Андрей Иващенко: «Учитывая, что полный цикл создания лекарства занимает 10 лет, запускать его надо сейчас. Тогда пять лет нам будет помогать развиваться переход на GMP, а к этому времени уже подоспеют инновационные компании, которые начнут выдавать собственную инновационную продукцию»
Если ХХ век был веком физики, то нынешний — век биотехнологий. С биотехом, как ожидается, будут связаны важнейшие научные достижения, которые обеспечат быстрый прогресс в медицине, профилактике, диагностике, производстве лекарственных средств — областях, связанных с обеспечением здоровья, работоспособности и благополучия людей. Фарма в этом ряду занимает особое место. В силу особенностей своего цикла, эта отрасль сильнее других зависима от политики государства, её развитие невозможно без существенного прогресса в экономике и в науке, как и без активной социальной политики. Но это значит, что именно по уровню развития фармацевтической отрасли можно судить о «социальной инновационности» страны в целом.

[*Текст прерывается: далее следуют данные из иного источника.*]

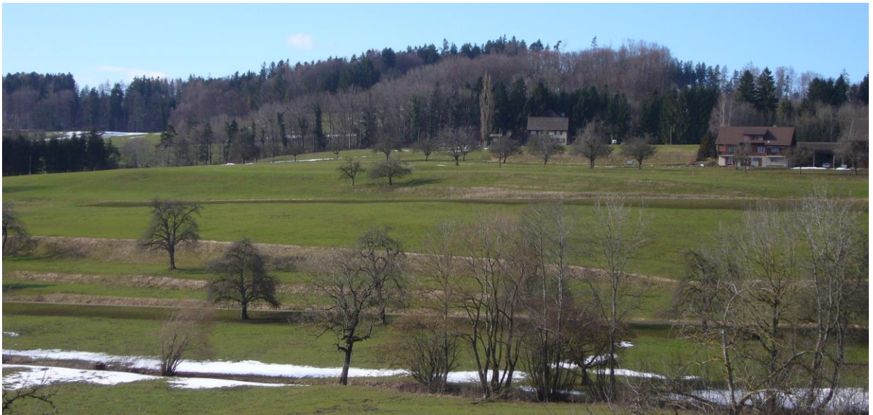
Ackerterrassen oberhalb von Lustdorf.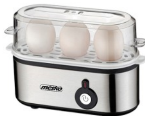
Egg Boiler MS 4485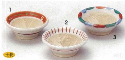
1 73-1-7B 730円 帯梅スリ鉢珍味 200入 7.5×3cm 2 73-2-7B 730円 トクサスリ鉢珍味 200入 7.5×3cm 3 73-3-7B 730円 波点紋スリ鉢珍味 200入 7.5×3cm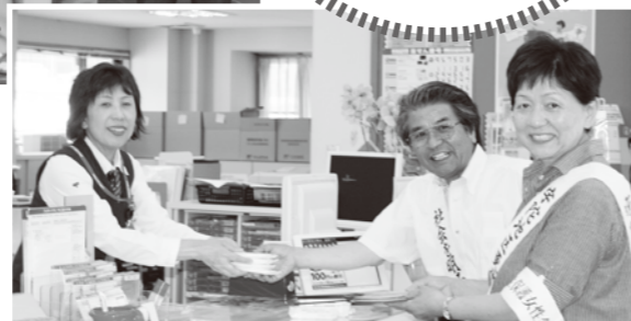
▲郵便局へ啓発物品の配布を依頼

社会を明るくする運動は、犯罪の防止、罪を犯した人たちの更生について理解を深め、それぞれの立場において力を合わせ犯罪のない明るい社会を築こうとする全国的な運動です。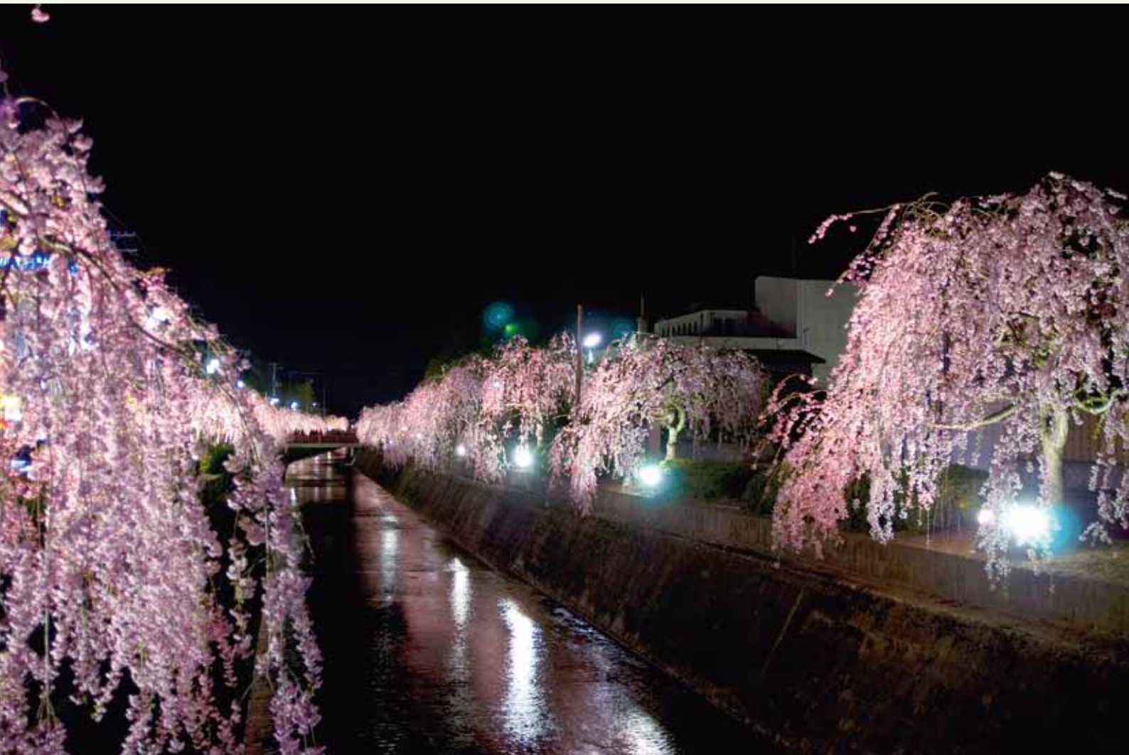
ライトアップされた水辺の桜

— Фармацевтическая отрасль — особая: в ней цикл появления новой продукции гораздо длиннее, чем в других отраслях. Новое лекарство разрабатывается примерно 10 лет, но препарат должен пройти ещё клинические испытания, а они достаточно продолжительные и дорогие. Поэтому не случайно развитую фармацевтическую отрасль считают показателем инновационной экономики: если в стране реализованы механизмы, которые позволяют создавать новую продукцию в отрасли фармы, значит, другие механизмы, менее рискованные, уже работают.
В чём особенность этих механизмов применительно к фармацевтике?

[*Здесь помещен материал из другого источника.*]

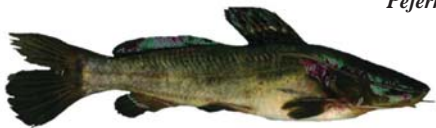
Rhandia quelen Bagre Sapo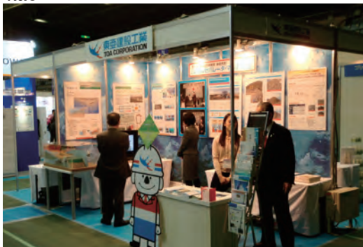
川崎国際環境技術展2014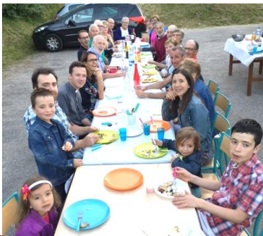
Repas convivial du Relais St Alban-Domarin-3 Vallons pour clôturer joyeusement l'année scolaire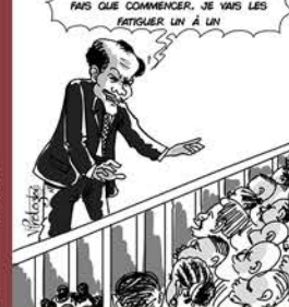
N'APPLAUDISSEZ PAS ENCORE, JE NE FAIS QUE COMMENCER, JE VAIS LES FATIGUER UN À UN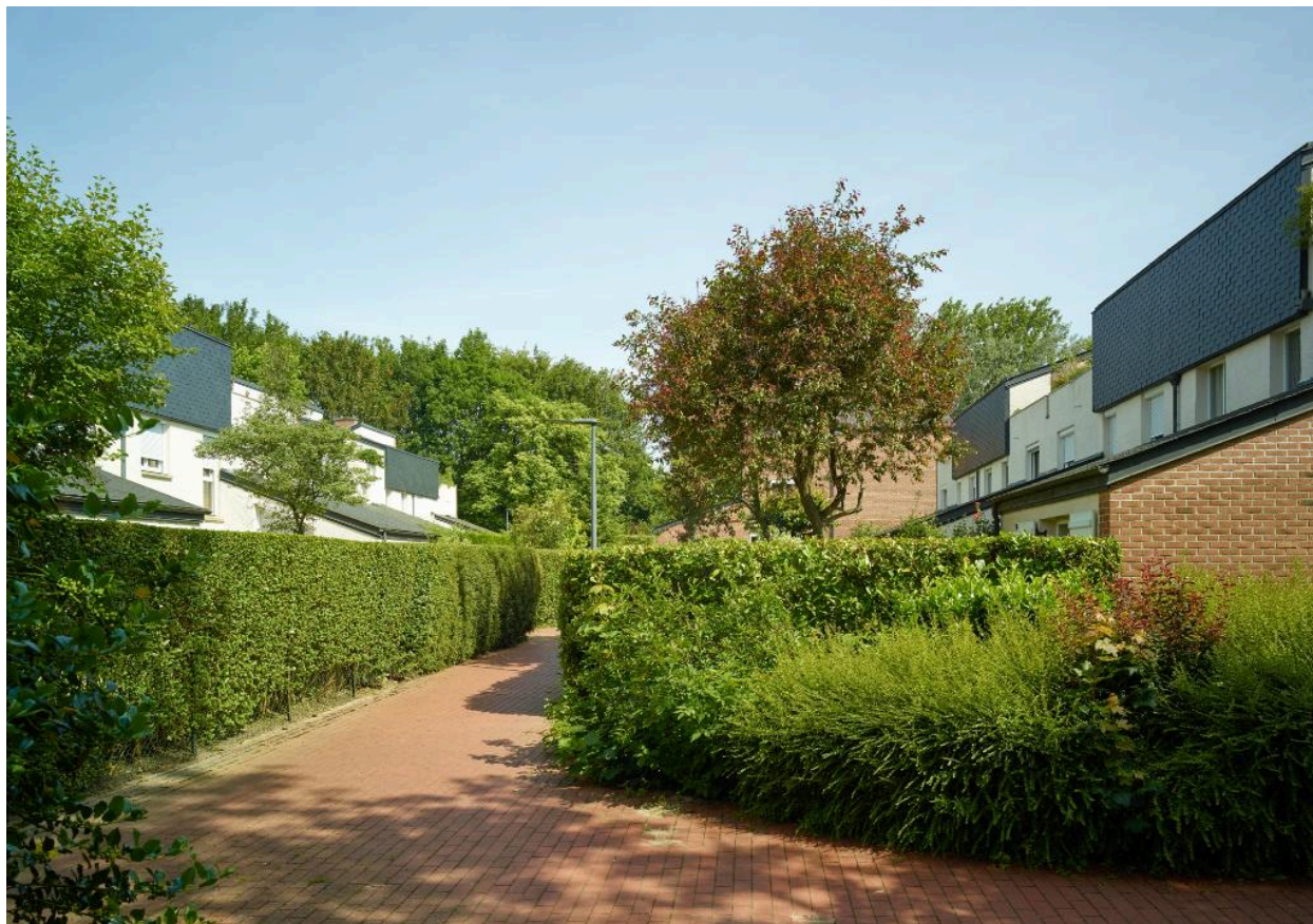
Chemin piétonnier, à l'arrière des jardins, parcourant l'ilot du nord au sud.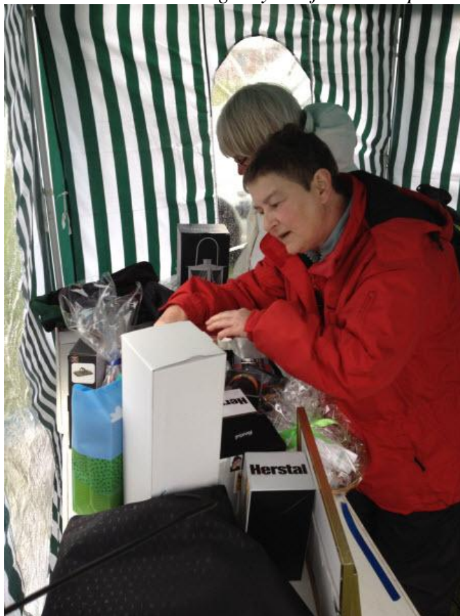
Og sørme om ikke der var gevinst.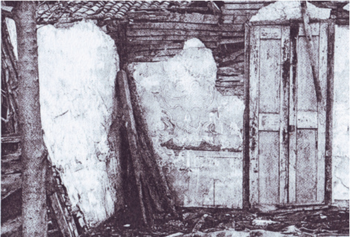
Resim 4.Kazlıçeşme Tekkesinin Restorasyon Öncesi Hali (1994) (Tanman 1997: 118).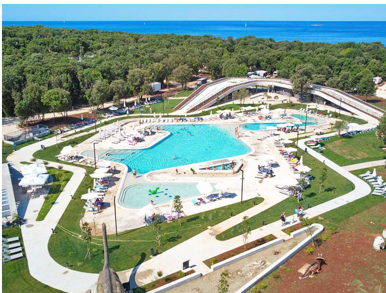
Slika 8. Kamp “Mon Perin”, Bale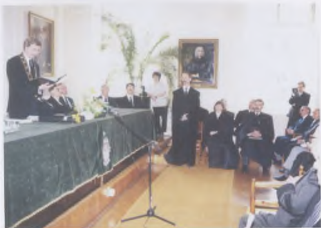
Doktoravatás Debrecenben, 1998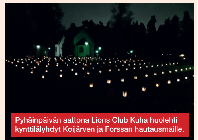
Pyhäinpäivän aattona Lions Club Kuha huolehti kynttilälyhdyt Koijärven ja Forssan hautausmailla.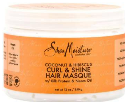
Shea Moisture Curl & Shine Hair Masque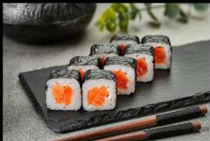
Лосось «Сяке» (100гр) 210руб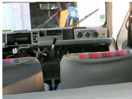
Un petit aperçu de ce que ça donnera pour le raid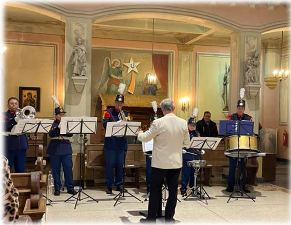
De H. Mis van 9.30 uur werd muzikaal werd opgeluisterd door de drumband van schutterij Sint Martinus en het dameskoor Cantate uit Sittard. Schutterij Sint Martinus zorgde vookeer een erwacht op het priesterkoor. Foto's: erwacht (beneden) en klaroencorps (boven) van Schutterij St. Martinus van Houthem-St. Gerlach tijdens het octaaf in de H. Mis op 7 januari 2024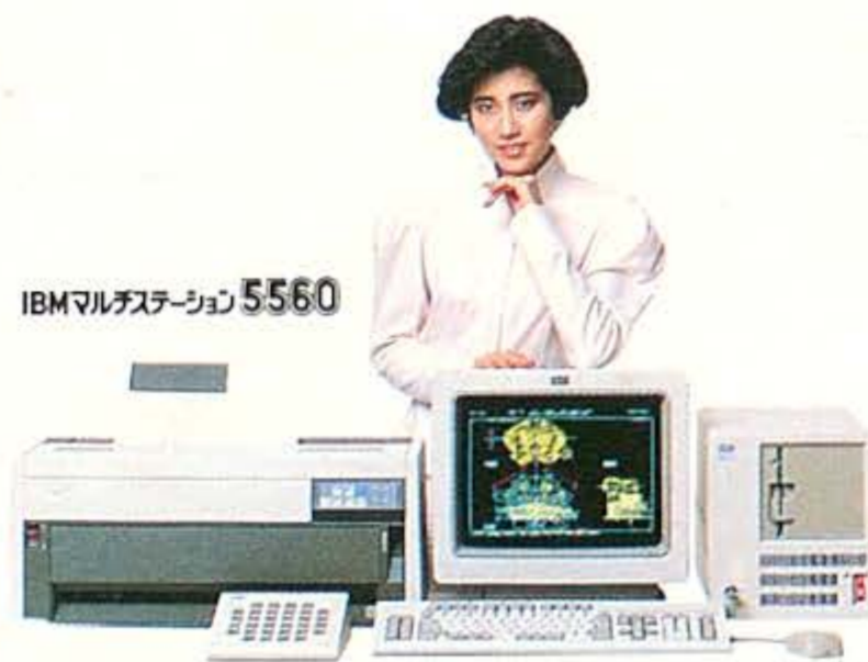
IBMマルチステーション5560

Automation)シリーズ>新登場。デジタル回路設計のためのCADシステム。ロジック回路設計用<PC-CAPST™>、プリント回路基板設計用<PC-CARDS™>、ロジック回路シミュレーション用<PC-LOGST™>から構成…。ことしもパソコンCADをリードする、IBMマルチステーション5540/5550/5560。お問合せは、弊社営業担当員、IBM OAセンター、IBM特約店までどうぞ。*CADAM社の商標です。 **Personal CAD Systems社の商標です。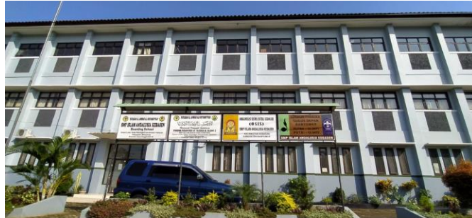
Gedung SMP Islam Andalusia Kebasen Banyumas.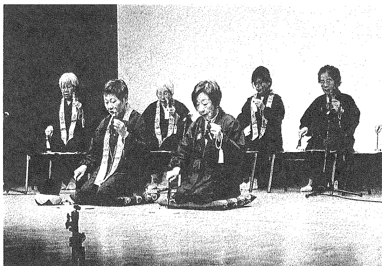
古典芸術のつどいで演奏する大和講城陽の会

活動は毎週月曜日午後1時 から福祉センター2階でお稽 古をしています。活動として は、年1回文化 芸術協会主催 「春いちばん文 化まつり・古典 芸術のつどい」 に出演していま す。

— В фарме, как и в любой другой отрасли, участвующей в инновационном развитии, важно заполнить вакуум между наукой и индустрией.
Сегодня академические исследования в России доводятся до определённого этапа, условно говоря — до первого успеха в пробирке. Но дальше их никто не подхватывает, отечественная индустрия готова, как правило, брать продукты, прошедшие третью фазу клинических испытаний. Между этими двумя этапами — пустота в шесть-семь лет и несколько десятков миллионов долларов по каждому продукту.
Поэтому задача первая — замкнуть цикл, и для этого есть только один путь: государство должно взять на себя финансирование «промежуточной» фазы. Так делается во всём мире. Например, когда в 2002 году «упал» NASDAQ и много частных денег ушло с рынка рискованных инвестиций, в США государство стало само финансировать «технологизацию» знаний. Была разработана «Дорожная карта» Национального института здоровья, другие федеральные программы, направленные на финансирование «подвисших» разработок — вплоть до этапа, когда американские фармкомпании уже готовы были превращать разработки в таблетки. Необходимо и у нас внедрить подобные вещи. Государство должно следить за «пустотой» в цикле исследований и разработок и финансировать исследования ровно столько, чтобы они могли её преодолеть.
Справка: GMP (Good Manufacturing Practics) или Правила надлежащей производственной практики — система управления качеством на фармацевтических предприятиях, а также при производстве медицинских устройств, зделий диагностического назначения, пищевых добавок. Стандарт GMP не касается самих препаратов и изделий, а регулирует параметры их производства и лабораторной проверки.
Сейчас «пустота» совсем не заполняется?
— Абсолютно! Более того, шаги, которые делаются в этом направлении, не решат задачу. Создание Российской венчурной компании привело к тому, что на рынок венчурных инвестиций каждый год выливается по миллиарду долларов. Но венчурный фонд по определению инвестирует в акции. То есть получить инвестиции может стартап, с командой, с патентами. Такой путь приемлем, например, в ИТ–индустрии, где начинающие фирмы уже есть. Но в области живых систем, фармацевтики их настолько мало, что венчурные фонды практически не имеют возможности инвестировать в эту область разработок. Необходимо менять систему, принимая во внимание предварительный этап посевного финансирования, то есть делать что-то подобное Фонду Бортника, но только более массово.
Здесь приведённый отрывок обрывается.